Gardening Magazine

Update from My (windblown) Garden

By Notcuttsuk @notcuttsuk

Update from my (windblown) gardenMahonia Lionel FortescueThis week of heavy rain and high winds has brought down the last of the leaves in the garden and I suppose I should be grateful for this as the autumn tidy up can now begin in earnest! The garden seems to have changed almost overnight with the autumn leaf color stripped away to reveal plants winter skeletons. The evergreens now shout ‘look at me!’ and stand proud displaying their bold shapes and glossy green leaves. Some, including my Skimmia ‘Rubella’ hold clusters of tight red flower buds that will stand the winter and open in spring to scented pinky white stars.
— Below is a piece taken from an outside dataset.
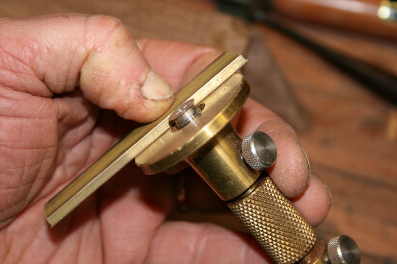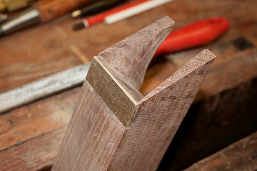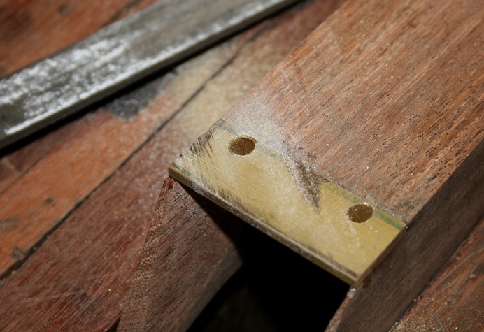 The screw holes are on the edge to use the thicker section of the throat. Here the brass wear plate has been epoxied and screwed down.

The Viburnum tinus is also covered in clusters of red buds but I will not need to wait so long to admire the flowers – this remarkable plant is in flower from November to March and has to be one of my favourites!

The Birch trees have taken on an elegant silhouette; their delicate tracery culminating in stout trunks of mottled gray and white bark. We have some under planted with the evergreen Pheasant Tail grass (Calamagrostis arundinacea) that makes loose mounds of long, tawny leaves, setting off the bark and the yellow Daffodils when they appear in the spring.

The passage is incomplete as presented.